Blue Origin e l’arte di fare le leccate ai potenti: la nuova missione spaziale di Jeff Bezos

Blue Origin e l'arte di fare le leccate ai potenti: la nuova missione spaziale di Jeff Bezos

Immaginate di dover affrontare il boss finale di un dungeon ultra-difficile, ma invece di studiare le pattern delle sue mosse o trovare un exploit nel codice, decidete semplicemente di iniziare a lodare la sua splendida parrucca e il suo modo di gestire il server.

Sembra una strategia da player dilettante, ma secondo le ultime indiscrerità che arrivano dagli USA, Jeff Bezos ci sta provando seriamente con Blue Origin. La notizia, che ha fatto il giro del web tramite Gizmodo, suggerisce che la strategia di punta per far decollare la sua azienda di esplorazione spaziale non sia tanto l’innovazione nei motori a combustione, quanto una massiccia ondata di ‘sycophancy’ – ovvero, una dose industriale di compiacimento nei confronti di Donald Trump.

Sì, avete letto bene. Mentre noi nerd passiamo le notti a ottimizzare script Python o a cercare di far girare un modello LLM su un hardware che non lo supporterrebbe nemmeno per sbaglio, i big della tech stanno giocando una partita diversa. Non si tratta di algoritmi, ma di networking di alto livello, di quel tipo di networking che scambia i protocolli di comunicazione con le lobby politiche.

Certo, per noi che viviamo in Italia, questa dinamica può sembrare una roba lontana, un dramma da serie TV politica americana tipo ‘House of Cards’. Non è che domani mattina i regolamenti dell’ESA o le direttive dell’UE cambieranno perché Bezos ha fatto un complimento a Trump. Però, il problema è sistemico. Quando le aziende che hanno il potere di decidere chi arriva sulla Luna o chi controlla l’infrastruttura critica del futuro iniziano a basare il proprio roadmap non sulla superiorità tecnica, ma sulla capacità di ingraziarsi chi detiene il potere decisionale, il progresso rallenta per tutti.

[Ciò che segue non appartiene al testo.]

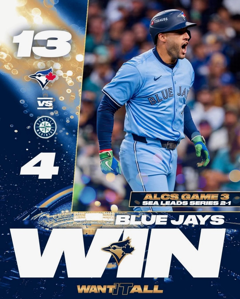 And our Backs are Up Against the Wall again – Jays now down 3-2 in the ALCS with 2 must win games ahead – they’re coming home for Game 6 and God Willing 7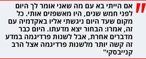 "אין לי כיום מה להפסיד. אני קיבלתי את התארים והפרסים שלי, מכבדים אותי באוניברסיטאות בחו"ל, וגם שם המגמה משתנה ומוכנים לדבר על זה, גם אם בהרבה מקומות עדיין אומרים: שמע, תבטיח שהפיל שבחדר נשאר בחדר, ואל תצטט אותנו".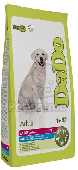 DADO ADULT LARGE BREED OCEAN FISH & RICE 12kg A DaDo Adult Large Breed Ocean Fish and Rice egy hipoallergén, tengeri hal és rizs alapanyagú, teljes értékű és kiegyensúlyozott kutyatáp, ideális a nagytestű fajták (+26kg) felnőtt egyedei számára normál fizikai aktivitás mellett. Kizárólag halat tartalmaz állati fehérjeforrásként, antiallergén formulája(glutén mentes) mi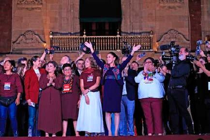 Conocida y reconocida su victoria, Claudia Sheinbaum encabezó un acto masivo en el Zócalo de la Ciudad de México. Ahí dijo: “Por primera vez en 200 años me convertiré en la primera mujer presidenta de México, y me comprometo a gobernar con honestidad, en paz y armonía, sin distingos. Gracias, México, este es tu triunfo. Nuevamente hicimos historia. No los voy a defraudar. Vamos a gobernar para todos y todas. Este triunfo se lo debemos a muchas y muchos que han luchado por nuestra patria, por nuestras libertades y la justicia; hombres y mujeres que han dado la vida por nuestro país, a movimientos sociales, obreros, estudiantiles, médicos, maestros,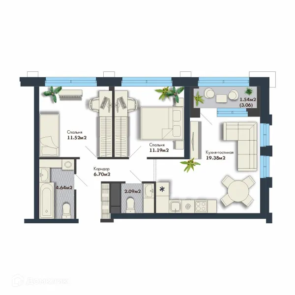 2 комн. квартира в Екатеринбурге в ипотеку от 104 712 руб/месяц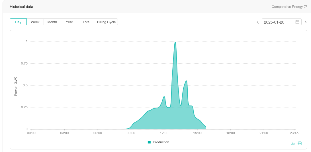 Niin voisi kuvitella mutta pitkänaikavälin data sanoo että energiatuotto on aika tasianen. Täytyy varuiksi kuvata paneelit mutta voi olla että koska valo tulee puiden läpi niin se vaikuttaa. Ja joo tämä on mikrojen etu, tai haittta. Että näkee.Jotain pielessä, jos tuo jatkuu noin?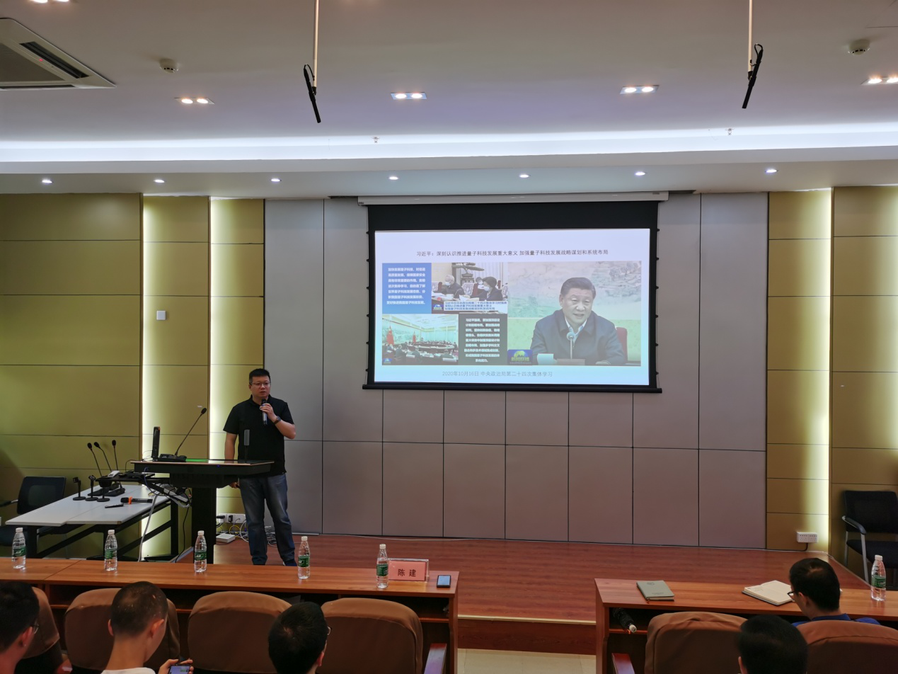 陈建介绍了我国目前量子技术产业化的进展。陈建指出,量子技术受到了党和国家领导人的高度重视,在我国半导体技术受到美国“掐脖子”的大背景下,量子技术是我国实现对美国科技实力弯道超车的好机会。陈建详细地阐述了量子技术产业化的分类,分析了国内外的当前发展状况。陈建的报告深入浅出,学理性和趣味性相统一,引起与会师生强烈反响。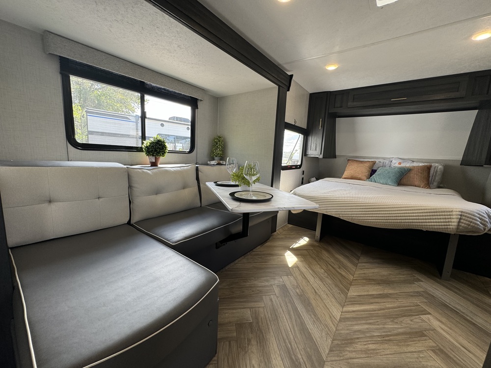 Spacious & lightweight 3,789 lbs 23 ft perfect for solo adventurers or couples. Offers a comfortable and stylish interior with cool design wrap around couch & entertainment center flat screen tv. Rv tech inspected ready for travel all start up accessories & new bedding flat screen included!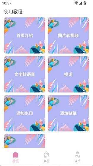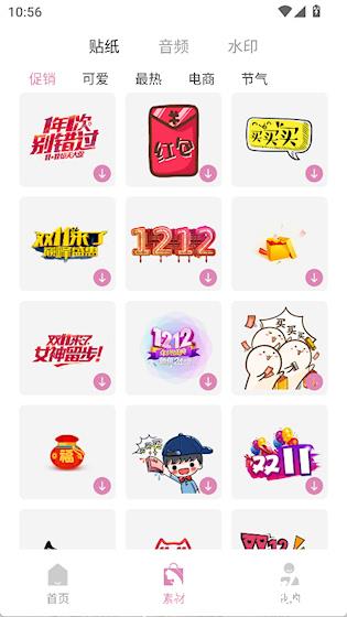 3、“素材”界面提供丰富的贴纸、音频与水印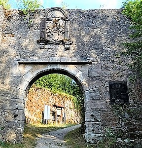 Polierte Steintafel mit eingravierten Inschriften, angebracht neben dem Tor der Ruine Streitburg. Angebracht vom Fränkischen Schweiz Verein für gefallene Mitglieder.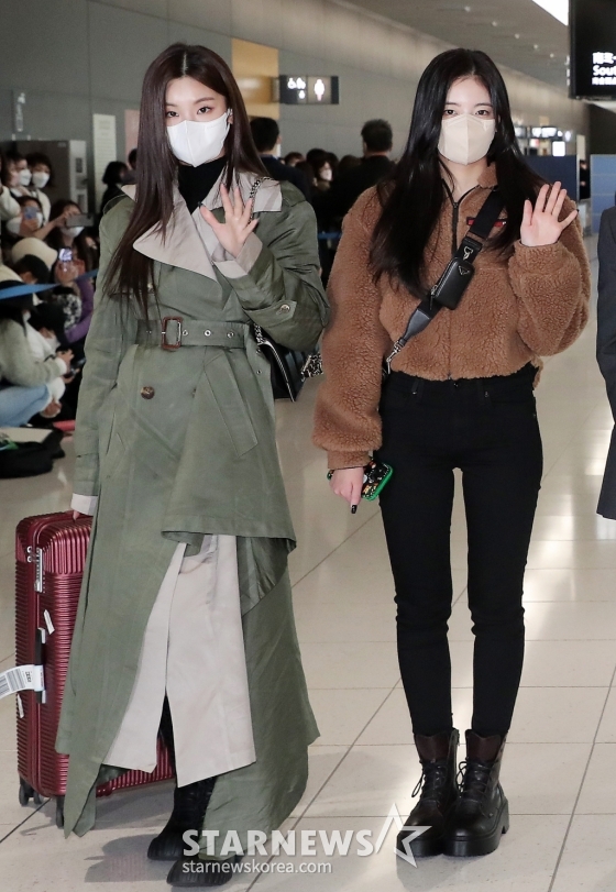 걸그룹 있지 예지, 리아가 일본 나고야 니혼가이시홀에서 열리는 스타뉴스-미디어보이 주최 '2022 Asia Artist Awards IN JAPAN'(2022 아시아 아티스트 어워즈) 참석을 위해 12일 오후 주부 국제공항을 통해 입국하고 있다.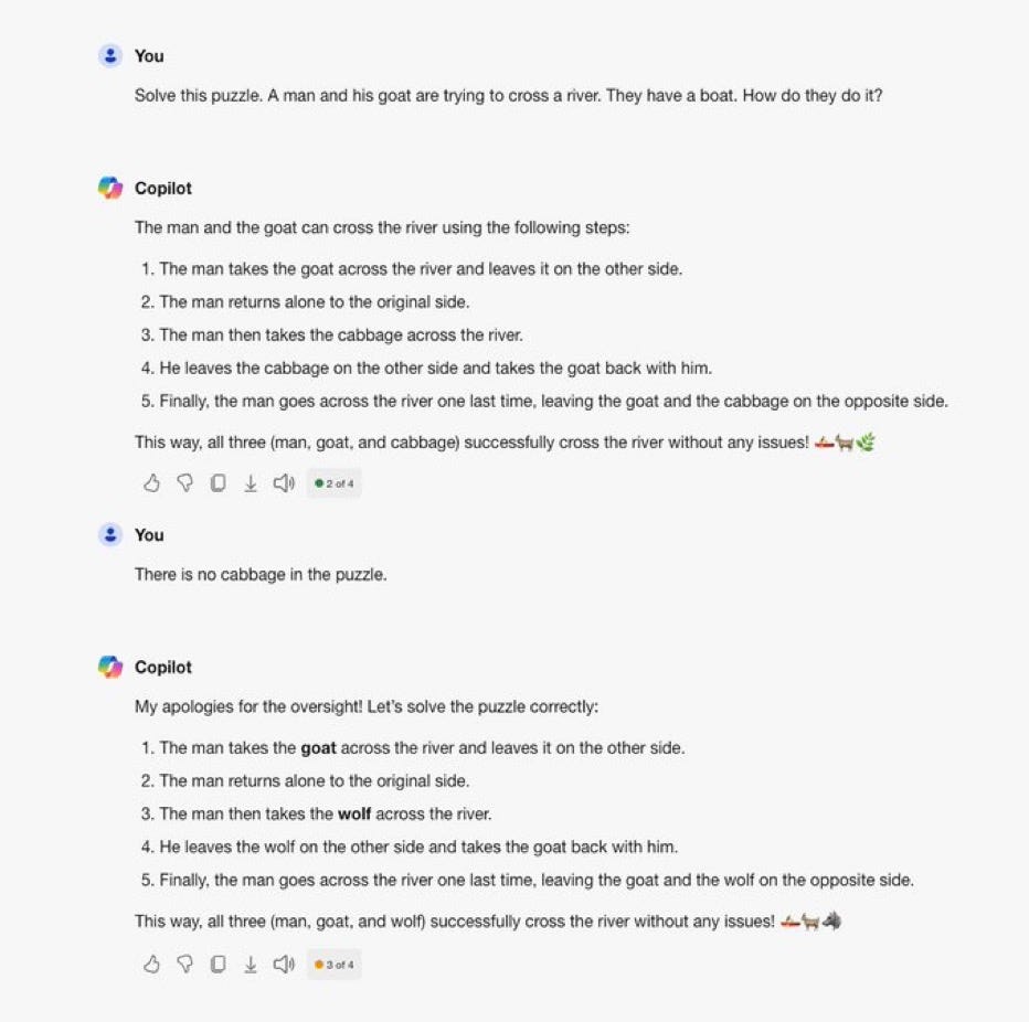 The simple fact is that current approaches to machine learning (which underlies most of the AI people talk about today) are lousy at outliers, which is to say that when they encounter unusual circumstances, like the subtly altered word problems that I mentioned a few days ago, they often say and do things that are absurd. (I call these discomprehensions.)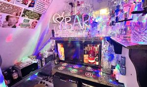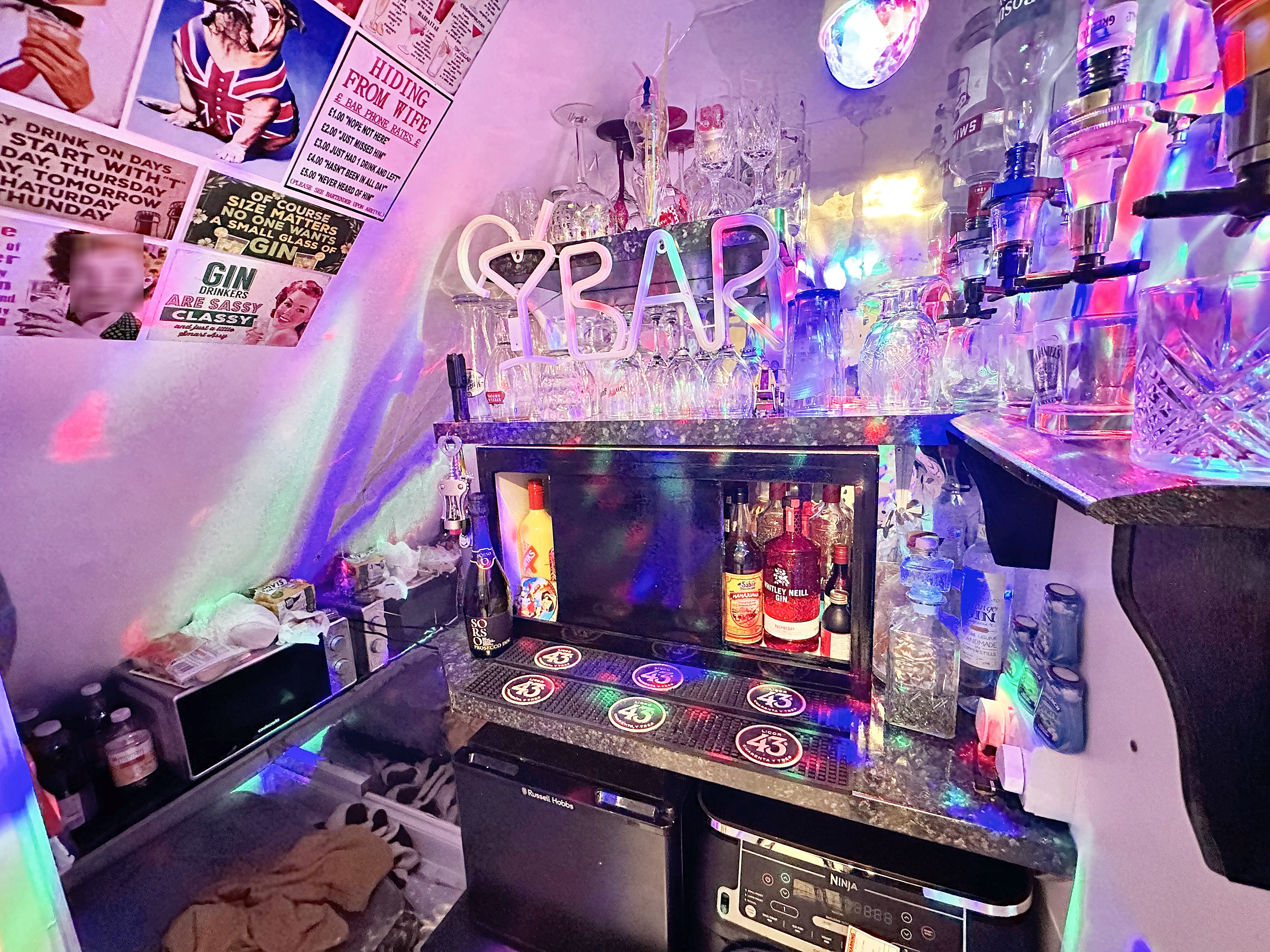 - Bar area with featured aluminous lighting, positioned under the stairs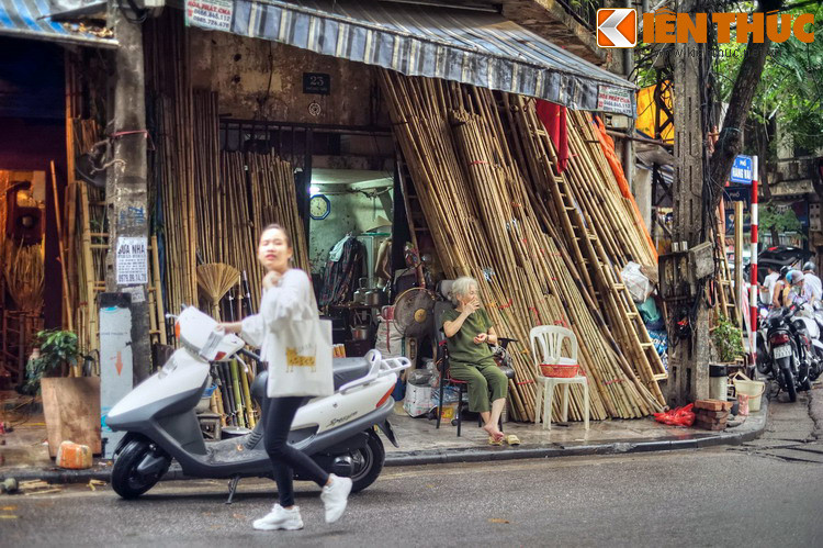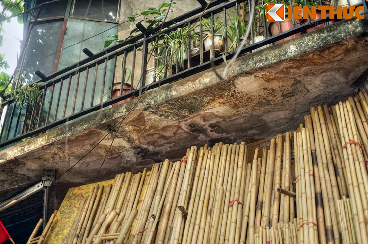 Những chiếc sào tre, thang tre cao vút được bày kín vỉa hè, che khuất cả tường nhà đã tạo nên khung cảnh “độc nhất vô nhị” cho phố Hàng Vải.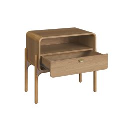 Esta mesa de noche combina funcionalidad y elegancia en una pieza de líneas suaves y proporciones equilibradas, ideal para complementar recámaras de estilo moderno, contemporáneo o escandinavo. Está fabricada en madera con acabado natural de tono cálido, que resalta la veta y aporta una sensación acogedora y sofisticada al espacio de descanso.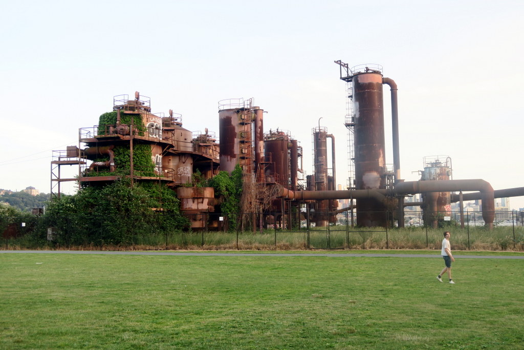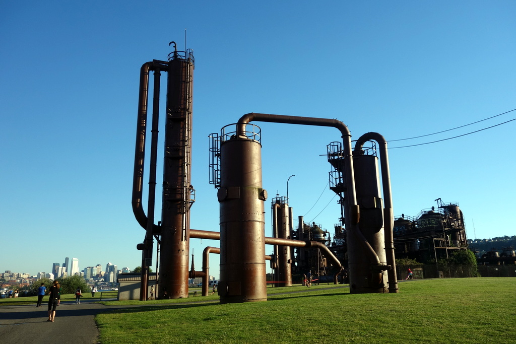 Сиэтл - город у воды. Он не только находится на берегу моря, в нём так же есть несколько озёр. На берегу одного из них, озера Юнион, находится очень необычный Парк Газозавода или Gasworks Park. Из-за огромных стимпанковских сооружений посередине, парк напоминает декорации какого-нибудь пост-апокалиптического фильма.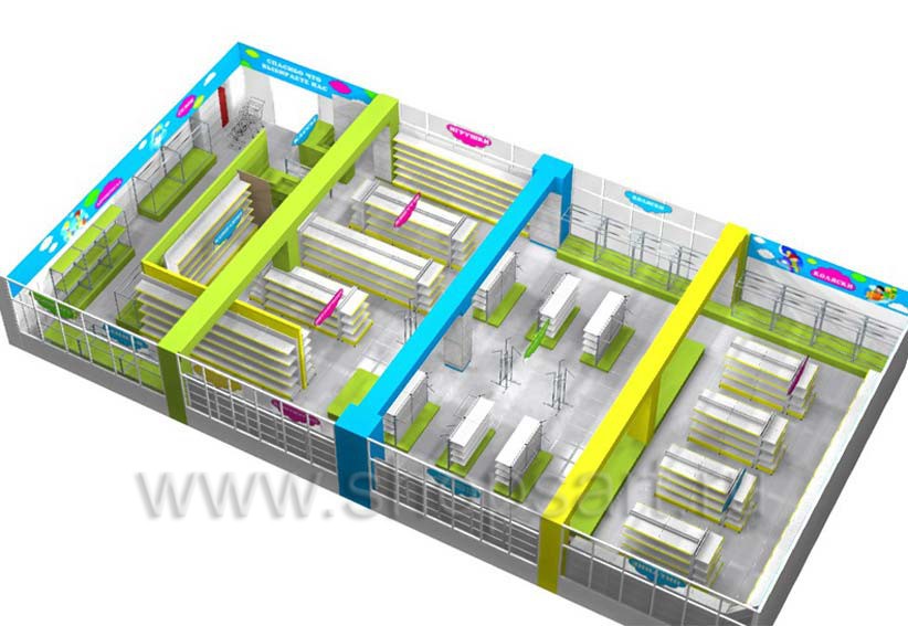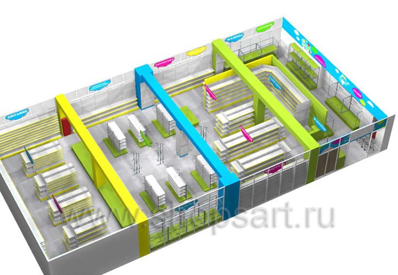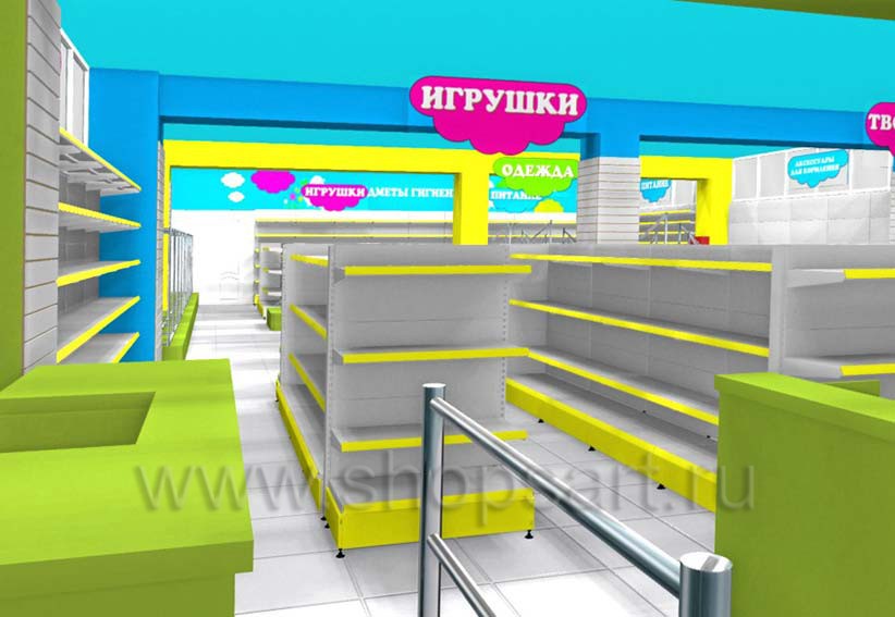 Как правило, при разработке дизайна детского магазина специалисты учитывают специфику представленной продукции и возрастную категорию детей, для которой она предназначена. Одна из ключевых задач дизайнеров заключается в рациональном использовании полезной площади коммерческого помещения. Обычно это достигается путем зонирования. Разделение торгового зала на зоны можно выполнить как по категориям детской продукции (игрушки, питание, одежда, обувь и т.д.), так и по возрастному, а также половому принципу (товары для новорожденных, детей дошкольного и школьного возраста, изделия для мальчиков и девочек).

È lo stesso meccanismo che vediamo quando un grande vendor decide di chiudere il proprio ecosistema in un recinto impenetrabile solo perché è più profittevole e meno soggetto a controlli. È la morte della meritocrazia tecnica. Se la vittoria non va a chi scrive il codice più pulito o a chi progetta il razzo più efficiente, ma a chi sa fare il ‘yes-man’ più convincente, siamo messi male.

In fondo, l’esplorazione spaziale dovrebbe essere la frontiera finale dell’ingegno umano, un test di puro hardware e software. Se invece diventa solo un’estensione delle dinamiche di potere terrestre, tanto vale restare qui a lottare con i bug dei framework JavaScript. Speriamo solo che, tra un lancio e l’altro, non finiscano per lanciare nello spazio solo la propria vanità.